# TASK TO COMPLETE
A faithful, complete transcript of the entries below, without pictures, should be returned.

# RECORDED DATA
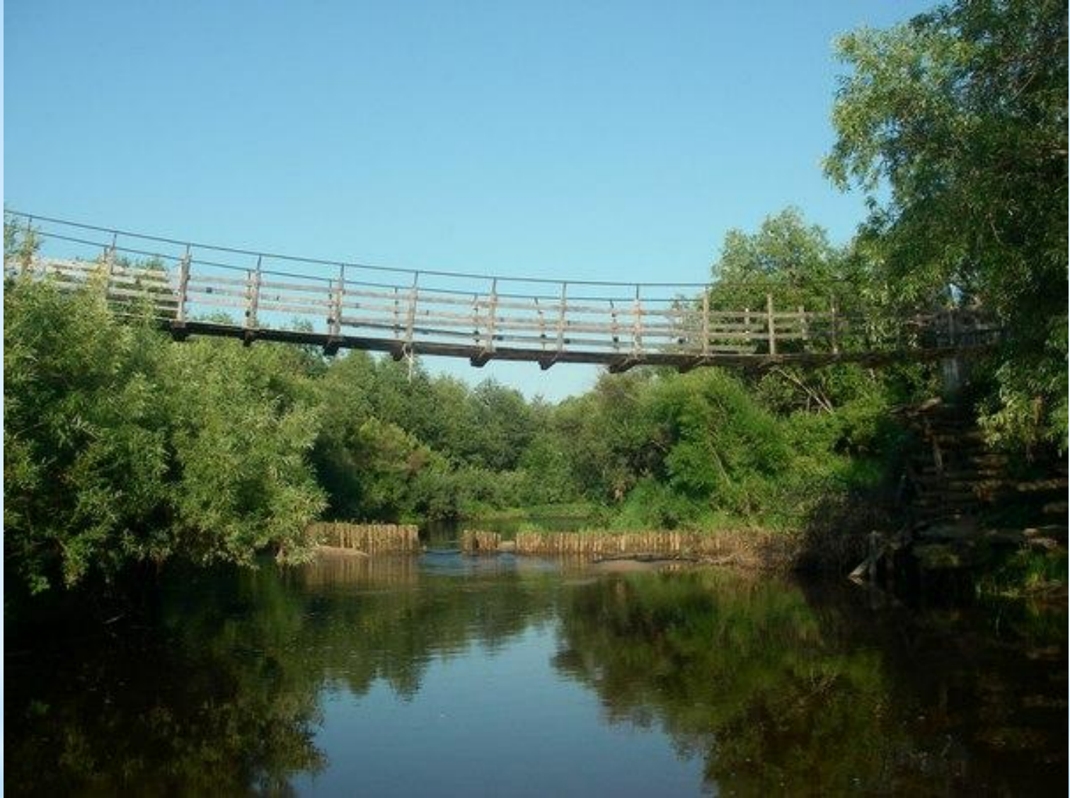
Подвесной мост через Тёду
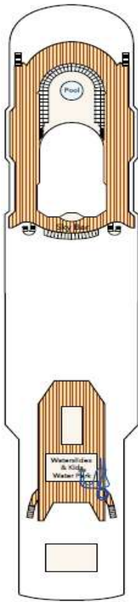
DECK 15 Water Activities & Bar
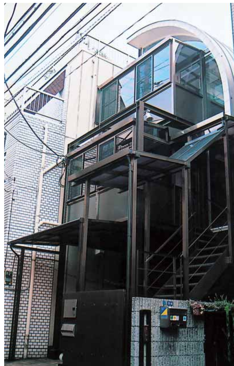
フラット型2段テラス囲い+フラット階段やね!
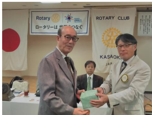
国定会員誕生日御祝
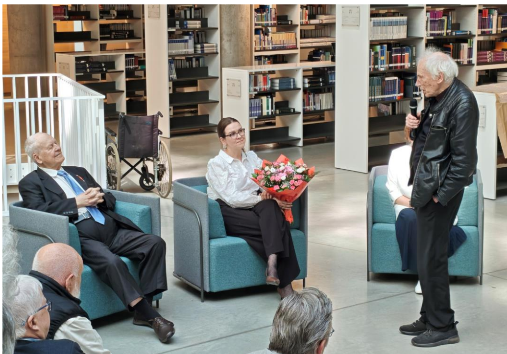
Учителя поздравляет академик Андрейс Цеберс - из первого выпуска кафедры (1971 г.), по моему личному мнению - самый сильный физик-теоретик Латвии

https://www.facebook.com/boriss.cilevics/posts/pfbid02rgJ4SpL1QPA4UJ4rQXysjMuLsQtXTYo9Nm6EVeDVTTOwqhrATryoE1h87APm9Dd4l
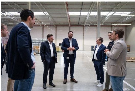
Foto: Das Handling der sensiblen Produkte erfordert eine enge Zusammenarbeit zwischen der Paulaner Brauerei Gruppe und der Andreas Schmid Group (Foto: Andreas Schmid Group).

Foto: Schwerkraft-Rollenbahn im Wareneingang und zur Einlagerung: Paletten mit Dosen werden im Lager in Olching effizient in Richtung Einlagerung transportiert (Foto: Andreas Schmid Group).
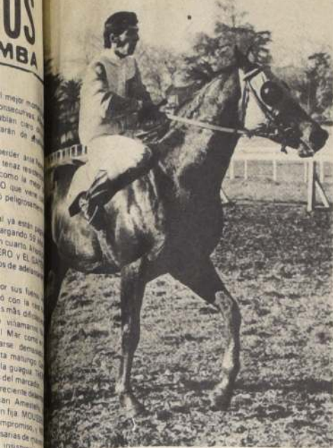
Ortega, un figurar con ejemplares que pone apenas regulares. Merece más oportunidades y que suele

Por otra parte, se designó una comisión, presidida por el Coronel de Carabineros Osvaldo Sepúlveda e integrada por Julín Serra, en representación de la Asociación de Propietarios, con el objeto de que proponga una racionalización en lo relativo a la eliminación, a fin de hacer el sistema más operante y acorde con el desarrollo experimentalmente por la actividad hipica.
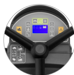
Pannello comandi con display
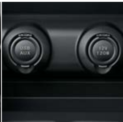
כניסת USB-1 ושקע AUX ושקע אביזרים
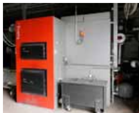
Hackschnitzel-Anlage in der „Kaul“ und ...

Text: François Rossler
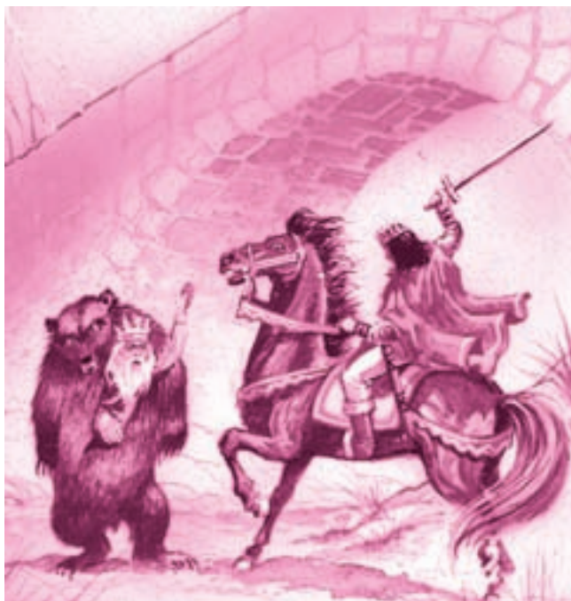
Ilustrație de Walter Riess

Argumentați, cu elemente din text, natura reală sau fantastică a spațiului în care se petrece acțiunea din fiecare secvență.
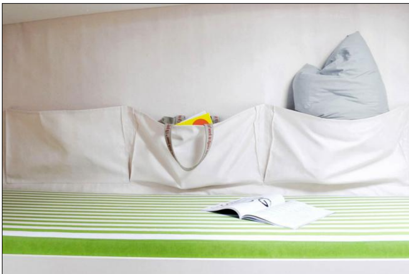
Le bordé du Varianta est habillé de toile avec équipets cousus, que l'on peut retirer pour l'hivernage. Malin, marin, ou les

M.S. : Les gens qui font de la croisière aujourd'hui utilisent très peu le mouillage et vont surtout dans les ports. Pas de baille à mouillage, ça permet de simplifier le bateau. Cela dit, on a quand même prévu un kit optionnel avec davier, guindeau et un accès par l'intérieur à un puits à chaîne pour ceux qui y tiennent vraiment.
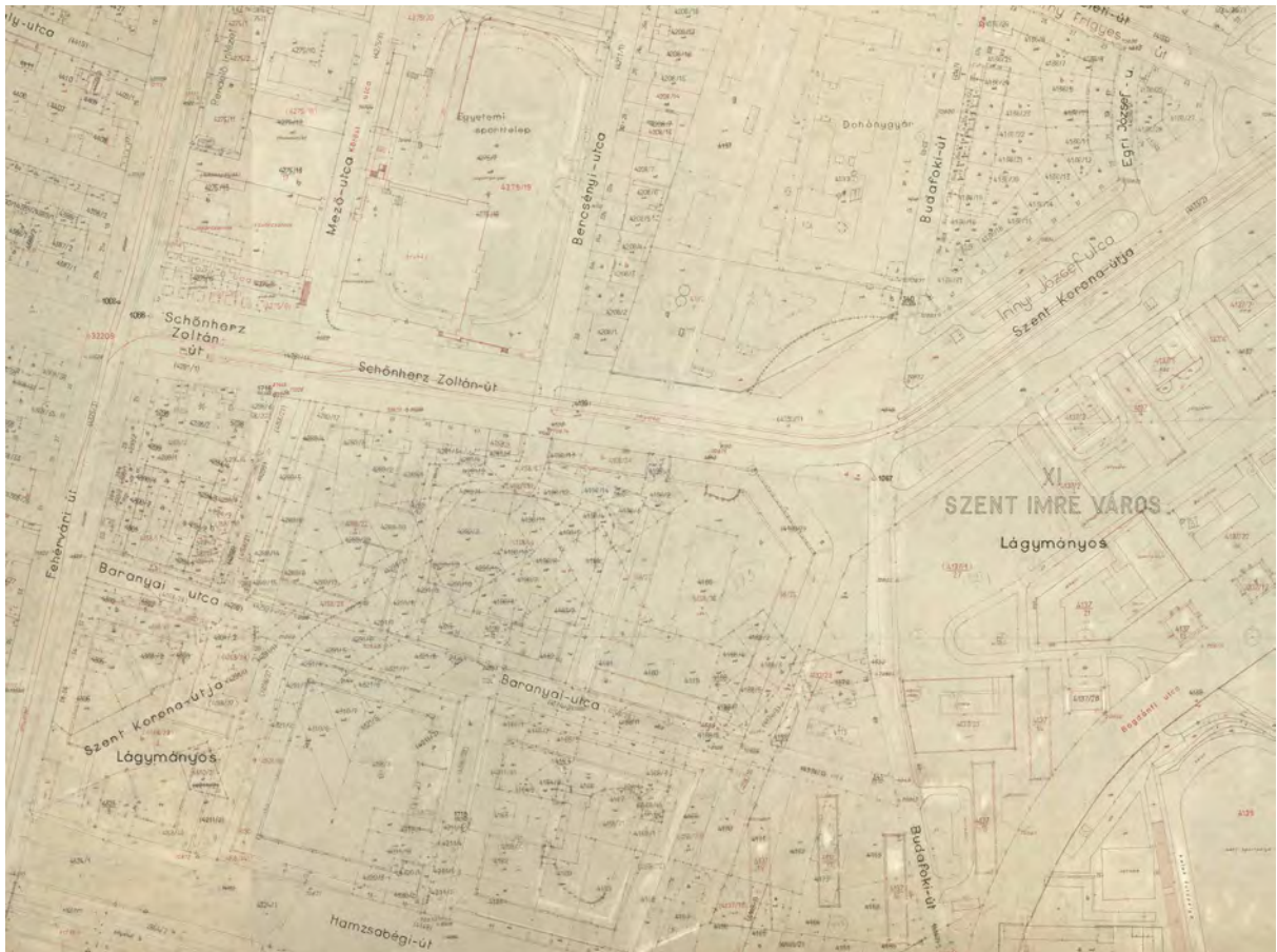
■ A XI. kerület háború előtti felmérése szerint még „Szent Imre-város”, de már megjelennek a „Lágymányos” feliratok is. A Szent Korona út tervezett nyomvonalát itt még ábrázolták

het elérni a terepi illesztőpontok kiválasztása során. 4
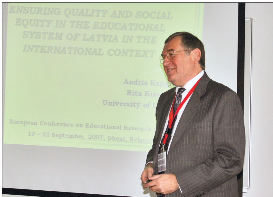
Uzstāšanās ar referātu Eiropas izglītības pētniecības asociācijas gadskārtējā konferencē Gentes universitātē Beļģijā, 2007. gadā
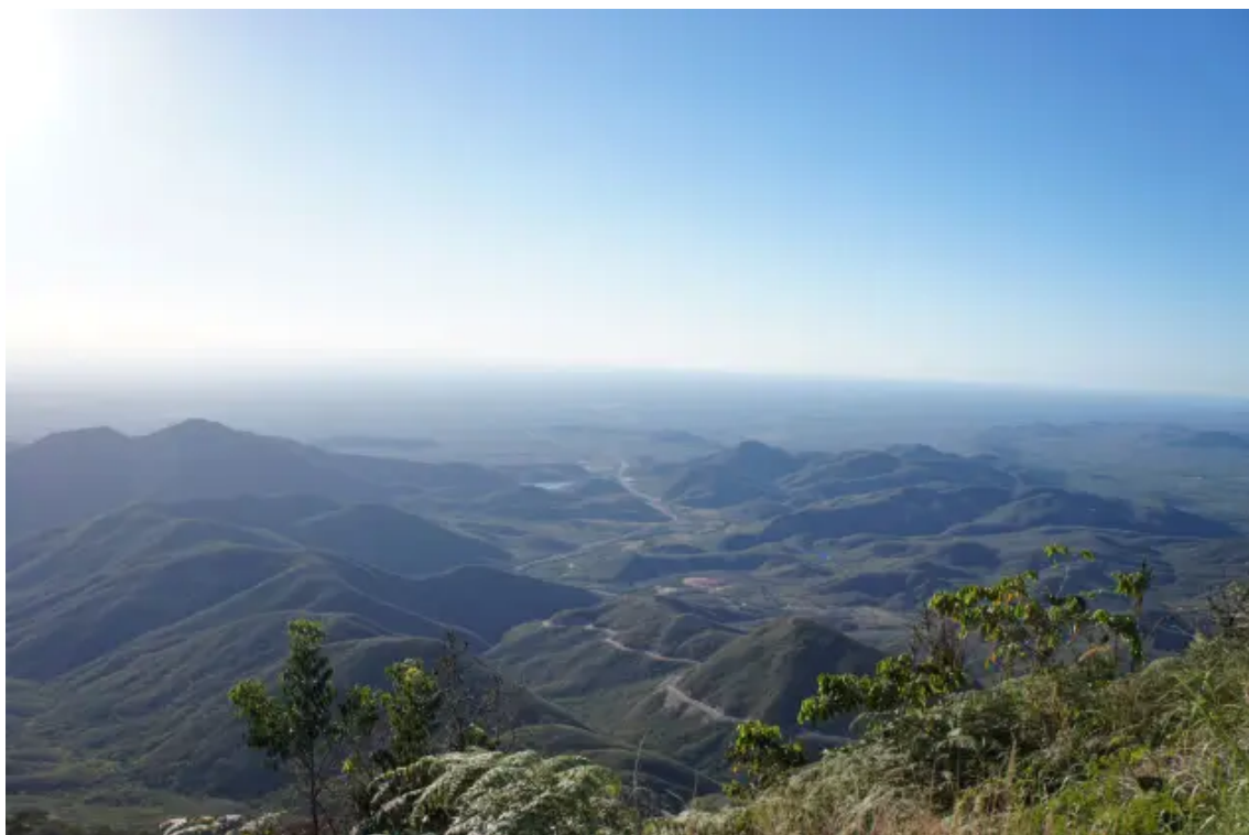
Do Pico Alto se vê o Maciço de Baturité, localizado no sertão do Ceará, coberto pela Mata Atlântica espalhada por 32 mil hectares.

Os prédios históricos e seu valor histórico são outra característica do município. A Pousada dos Capuchinhos, antes um mosteiro, é um dos principais pontos turísticos da cidade, mesmo para aqueles que não estejam lá hospedados. A beleza do antigo mosteiro se estende, ainda, por seus jardins repletos de roseiras e plantas nativas e pela capela.
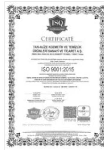
ISO 9001 Certificate
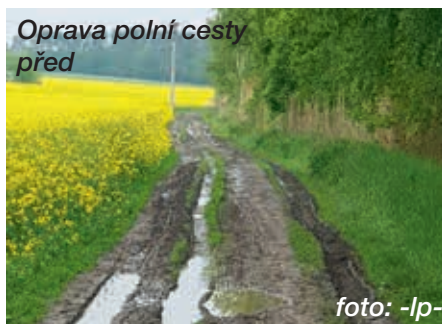
Oprava polní cesty před

# ANSWER FOR THIS EXERCISE
Подвесной мост через Тёду
DECK 15 Water Activities & Bar
フラット型2段テラス囲い+フラット階段やね!
国定会員誕生日御祝
Учителя поздравляет академик Андрейс Цеберс - из первого выпуска кафедры (1971 г.), по моему личному мнению - самый сильный физик-теоретик Латвии

https://www.facebook.com/boriss.cilevics/posts/pfbid02rgJ4SpL1QPA4UJ4rQXysjMuLsQtXTYo9Nm6EVeDVTTOwqhrATryoE1h87APm9Dd4l
Foto: Das Handling der sensiblen Produkte erfordert eine enge Zusammenarbeit zwischen der Paulaner Brauerei Gruppe und der Andreas Schmid Group (Foto: Andreas Schmid Group).

Foto: Schwerkraft-Rollenbahn im Wareneingang und zur Einlagerung: Paletten mit Dosen werden im Lager in Olching effizient in Richtung Einlagerung transportiert (Foto: Andreas Schmid Group).
Ortega, un figurar con ejemplares que pone apenas regulares. Merece más oportunidades y que suele

Por otra parte, se designó una comisión, presidida por el Coronel de Carabineros Osvaldo Sepúlveda e integrada por Julín Serra, en representación de la Asociación de Propietarios, con el objeto de que proponga una racionalización en lo relativo a la eliminación, a fin de hacer el sistema más operante y acorde con el desarrollo experimentalmente por la actividad hipica.
Pannello comandi con display
כניסת USB-1 ושקע AUX ושקע אביזרים
Hackschnitzel-Anlage in der „Kaul“ und ...

Text: François Rossler
Ilustrație de Walter Riess

Argumentați, cu elemente din text, natura reală sau fantastică a spațiului în care se petrece acțiunea din fiecare secvență.
Le bordé du Varianta est habillé de toile avec équipets cousus, que l'on peut retirer pour l'hivernage. Malin, marin, ou les

M.S. : Les gens qui font de la croisière aujourd'hui utilisent très peu le mouillage et vont surtout dans les ports. Pas de baille à mouillage, ça permet de simplifier le bateau. Cela dit, on a quand même prévu un kit optionnel avec davier, guindeau et un accès par l'intérieur à un puits à chaîne pour ceux qui y tiennent vraiment.
■ A XI. kerület háború előtti felmérése szerint még „Szent Imre-város”, de már megjelennek a „Lágymányos” feliratok is. A Szent Korona út tervezett nyomvonalát itt még ábrázolták

het elérni a terepi illesztőpontok kiválasztása során. 4
Uzstāšanās ar referātu Eiropas izglītības pētniecības asociācijas gadskārtējā konferencē Gentes universitātē Beļģijā, 2007. gadā
Do Pico Alto se vê o Maciço de Baturité, localizado no sertão do Ceará, coberto pela Mata Atlântica espalhada por 32 mil hectares.

Os prédios históricos e seu valor histórico são outra característica do município. A Pousada dos Capuchinhos, antes um mosteiro, é um dos principais pontos turísticos da cidade, mesmo para aqueles que não estejam lá hospedados. A beleza do antigo mosteiro se estende, ainda, por seus jardins repletos de roseiras e plantas nativas e pela capela.
ISO 9001 Certificate
Oprava polní cesty před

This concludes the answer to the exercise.